DATA Start Marker
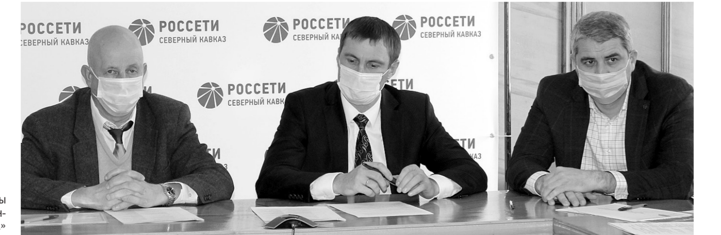
Заседание комитета по охране труда «Россети Северный Кавказ»
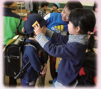
きらきら0年生応援プロジェクト
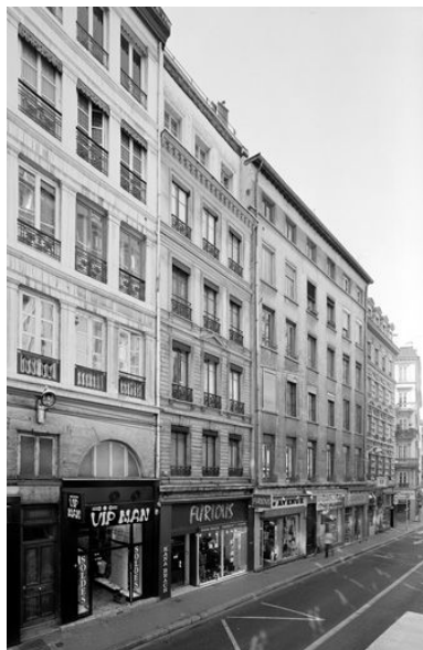
Façade, vue générale IVR82_20056902667V
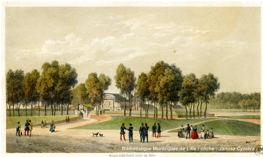
Vue de la Citadelle
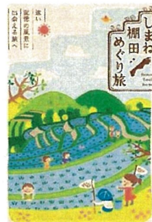
棚田パンフレットを 作成し情報を発信
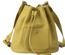
ドロースtringトート 20,900円
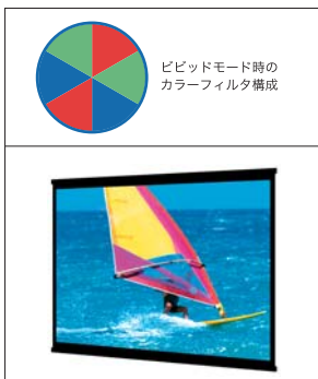
色彩の豊かなデジタル画像やDVDの動画などを自然な画調で投射できる、ビビッドモード。

色優先(ビビッドモード)と輝度優先(ダイナミックモード)を、本体天面のDCMボタンの操作だけで切り替えられる、独自技術DCM(Dual Color Mode)を採用。DLP®方式との相乗効果により、色再現性の高いスムーズな映像を再生できます。
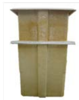
Regard T17 avec rehausse h 300
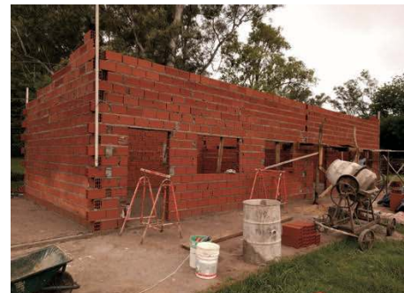
Grâce à nos donateurs, les murs s'élèvent...

Un grand merci à ceux qui, ayant effectué un virement, ne peuvent être remerciés directement, faute de connaître leur adresse.
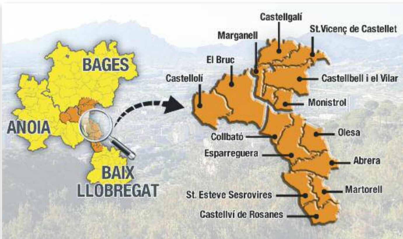
Eduard Pujol llegeix el manifest (esquerra) de la plataforma que aposta per la creació de la comarca del Montserratí (dreta). Infografia: Línia
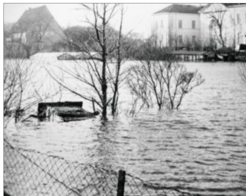
Sturmflut 1962: Auch die Gärten an der Weststrandstraße wurden komplett überspült und danach nicht wieder richtig genutzt.
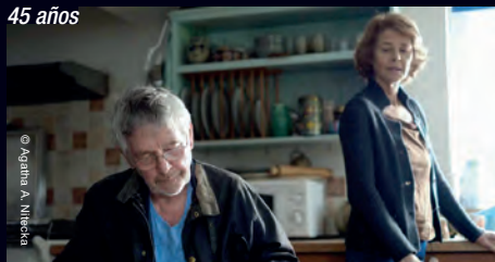
Andrew Haigh. Reino Unido, 2015
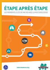
Brochure Étape après étape : Les moments-clés de ma vie avec la mucoviscidose
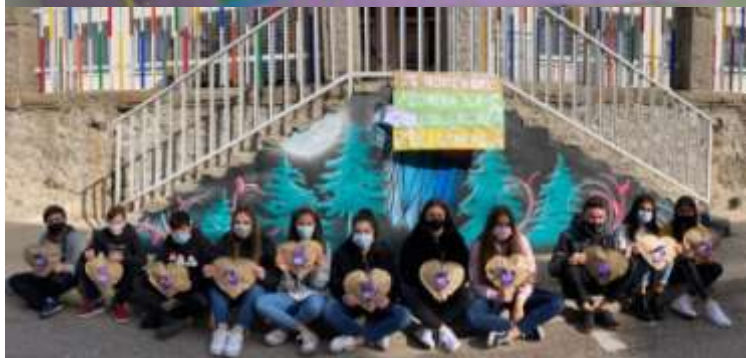
“25-N Contra la violencia de género”
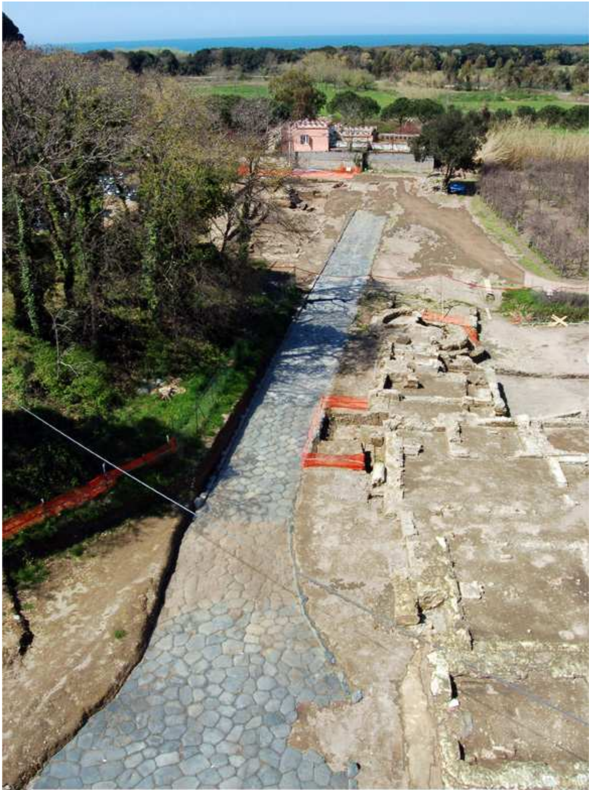
La voie domitienne et les mausolées romains qui la flanquent
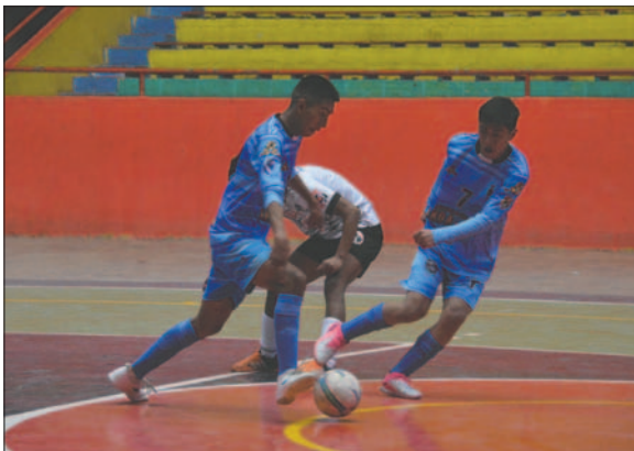
Los encuentros de la Copa Amistad fueron batallados de principio a fin

También agradeció a los padres de familia por su apoyo a la asociación
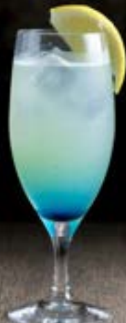
ブルーティアーズ
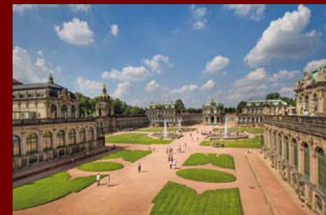
картинная галерея Дрезден, Германия
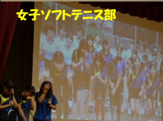
女子ソフトテニス部
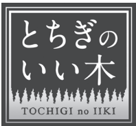
▲ 栃木県県産木材 ロゴマーク

問申 栃木県木材業協同組合連合会 〒321-2118 宇都宮市新里町丁277-1 TEL 028-652-3687 問 栃木県林業木材産業課 TEL 028-623-3277
DATA End Marker
● **WORK TO BE COMPLETED**:
Please repeat, exactly as written, only the lines from the line with "棚田パンフレットを 作成し情報を発信" to the end of the data, leaving out every picture.

● **EXERCISE OUTPUT**:
棚田パンフレットを 作成し情報を発信
ドロースtringトート 20,900円
色彩の豊かなデジタル画像やDVDの動画などを自然な画調で投射できる、ビビッドモード。

色優先(ビビッドモード)と輝度優先(ダイナミックモード)を、本体天面のDCMボタンの操作だけで切り替えられる、独自技術DCM(Dual Color Mode)を採用。DLP®方式との相乗効果により、色再現性の高いスムーズな映像を再生できます。
Regard T17 avec rehausse h 300
Grâce à nos donateurs, les murs s'élèvent...

Un grand merci à ceux qui, ayant effectué un virement, ne peuvent être remerciés directement, faute de connaître leur adresse.
Eduard Pujol llegeix el manifest (esquerra) de la plataforma que aposta per la creació de la comarca del Montserratí (dreta). Infografia: Línia
Sturmflut 1962: Auch die Gärten an der Weststrandstraße wurden komplett überspült und danach nicht wieder richtig genutzt.
Andrew Haigh. Reino Unido, 2015
Brochure Étape après étape : Les moments-clés de ma vie avec la mucoviscidose
“25-N Contra la violencia de género”
La voie domitienne et les mausolées romains qui la flanquent
Los encuentros de la Copa Amistad fueron batallados de principio a fin

También agradeció a los padres de familia por su apoyo a la asociación
ブルーティアーズ
картинная галерея Дрезден, Германия
女子ソフトテニス部
▲ 栃木県県産木材 ロゴマーク

問申 栃木県木材業協同組合連合会 〒321-2118 宇都宮市新里町丁277-1 TEL 028-652-3687 問 栃木県林業木材産業課 TEL 028-623-3277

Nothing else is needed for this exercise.